Николай: Нужно у всех спросить, и у всех, я думаю, будут разные ответы. Мне кажется, что я исповедую именно такую модель, перманентно навязываю ее ребятам и перманентно от них получаю под дых из-за этого. Не всегда они готовы отменить дела ради творческого процесса.
Павел: Предел моих мечтаний, чтобы мы уехали из дома, как популярные группы моей юности, пропали для цивилизации на несколько месяцев и сочинили новый материал.
Данила: Я как раз за то, чтобы запереться в башне: я думаю, мы к этому уже идем и мы к этому придем. Да, к сожалению, мы вынуждены отвлекаться на бытовые моменты, на социальные истории. Но самый большой вопрос: сконцентрирован ли ты, вся ли твоя энергия направлена в одну сторону? Запирание в башне должно происходить внутри, на уровне твоего отношения, внутренней энергии, которую ты тратишь на нужное тебе дело. В трилогии Нолана про Бэтмена есть история про колодец и веревку: веревка не может помочь выбраться Бэтмену из колодца — помогает только страх, ведь возвращаться назад, на дно колодца, не хочется. И только отказавшись от веревки, от страховки, а значит, от страха, он выпрыгивает наружу. И, мне кажется, я отказался от веревки, у меня в принципе нет такого понятия, как путь назад. Внутренне я отказался практически от всего. Если есть возможность иметь личную жизнь и работу — прекрасно, если нет — ну, тоже прекрасно, зато я могу заниматься музыкой.
Яна: Что нужно для того, чтобы сделать решающий скачок из колодца?
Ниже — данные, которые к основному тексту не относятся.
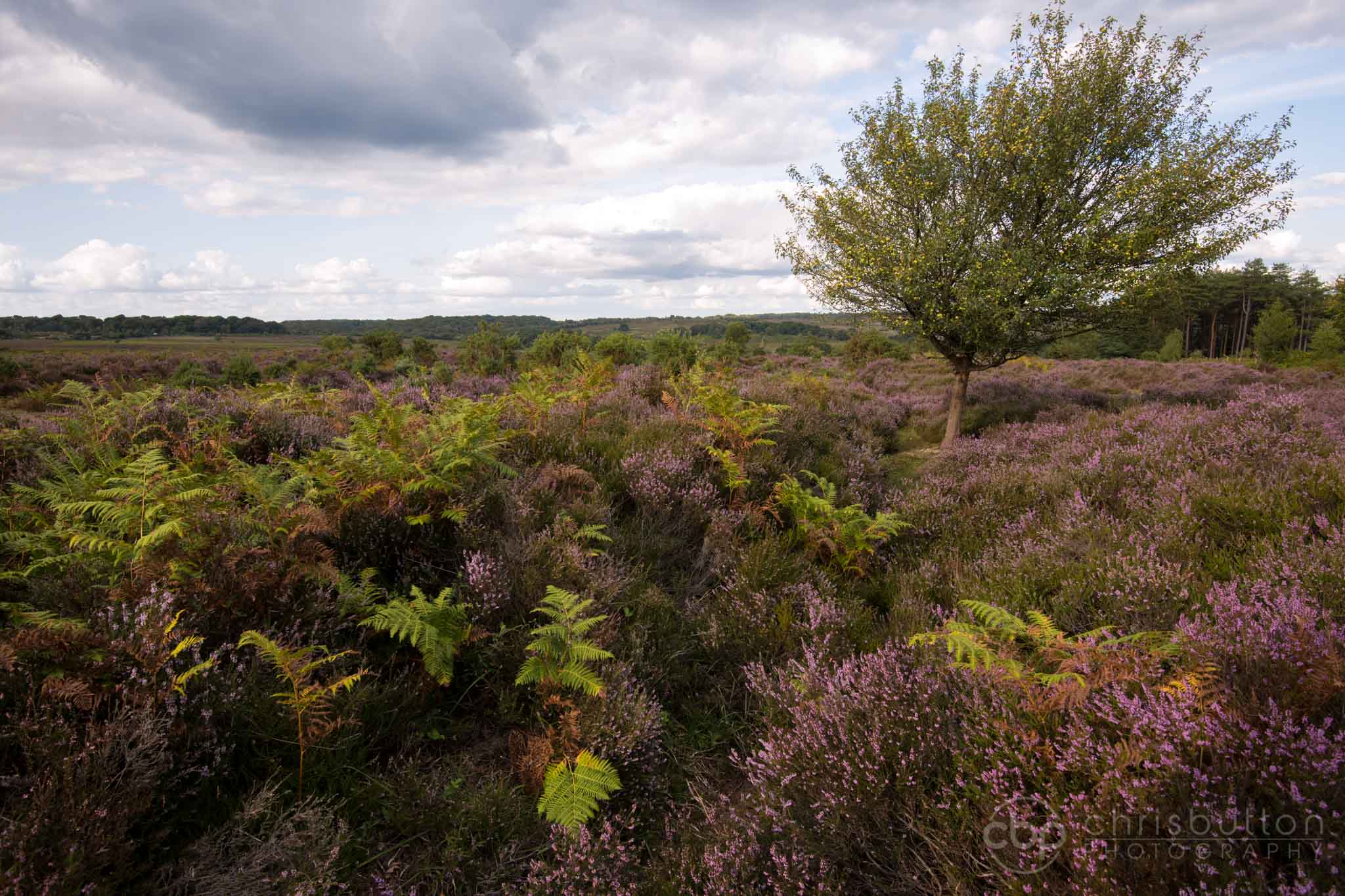 There is a lovely apple tree at Mogshade and at this time of year the heather is in flower and the ferns provide a lovely splash of contrasting colour.
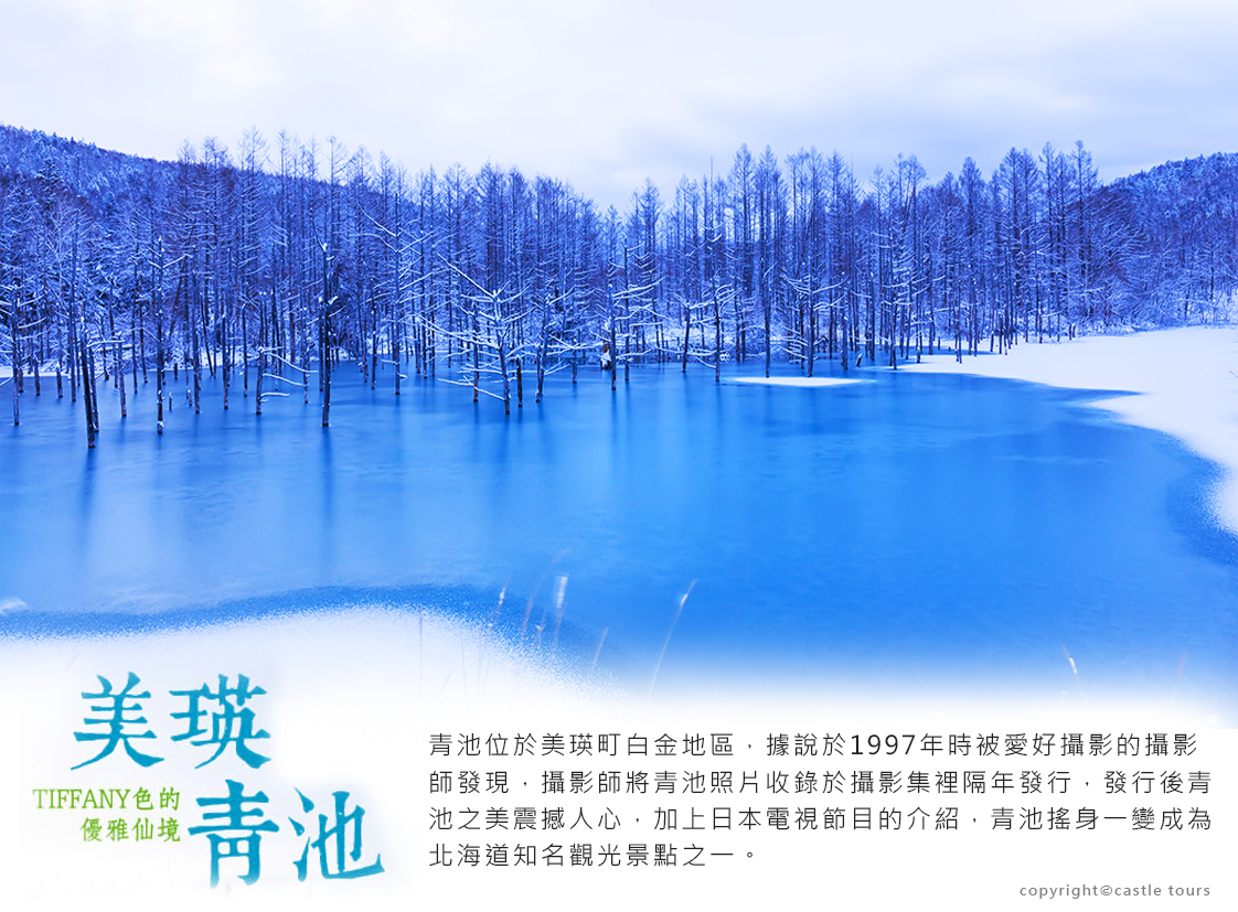 位在美瑛町的東南部,地處美瑛川左岸,景色優美,仿以人間仙境。青池面積不是很大,周邊有步行道,兩旁種滿樹林,晴天時樹影倒映在藍色水面上,恰似一幅濃淡不一的油畫。青池有時仿如一個溫婉的姑娘靜而不動,無言佇立令人疼惜,時而又像頑皮的少男,在陽光照射下顏色變幻莫測。

Александр Ионин: Ну, надо иметь определенную мотивацию и ноги как минимум, чтобы отталкиваться ими наверх, где наверх — это вектор, и означает он движение от той точки, в которой ты находишься, не назад, в обратную сторону, а в противоположную обратной стороне. Наверх, вперед — как угодно. Туда, куда ты хочешь прийти, — к достижению своих целей, к реализации амбиций.
Николай: Мне нравится мифологема, которую описал Данила, она красивая. Я внутри даже сказал «вау», как он это слепил, связал? Но я с ним не согласен. Не согласен, что нужна исключительная мотивация, например страх, и тогда мы способны на колоссальное преодоление. Мне кажется, это попахивает романтизмом XIX века.
Данила: О да.
Николай: И, соответственно, чем-то сладким. И гниющим.
Данила: Я известный романтик.
Николай: Сказал Данила, поглаживая себя по панковскому ирокезу. Но, возвращаясь к башне, мне было бы интереснее жить в мире и работать с людьми, которые могут волевым актом, усилием погружать себя в оптимальное, продуктивное, рабочее состояние. У меня есть ощущение, при всей моей любви и нежности к музыкантам SHORTPARIS — и, я думаю, они это знают, я не хочу их обидеть — мне кажется, они не умеют работать. На самом деле, и я очень сильно избалован и не умею работать. И, к сожалению, среда, в которую чаще всего я погружаюсь, не избалована трудоголизмом. Славное марксистское понятие «труд» во всей его поэзии и даже романтике очень зря девальвировано.
Яна: В какой момент вы чувствуете себя максимально самими собой?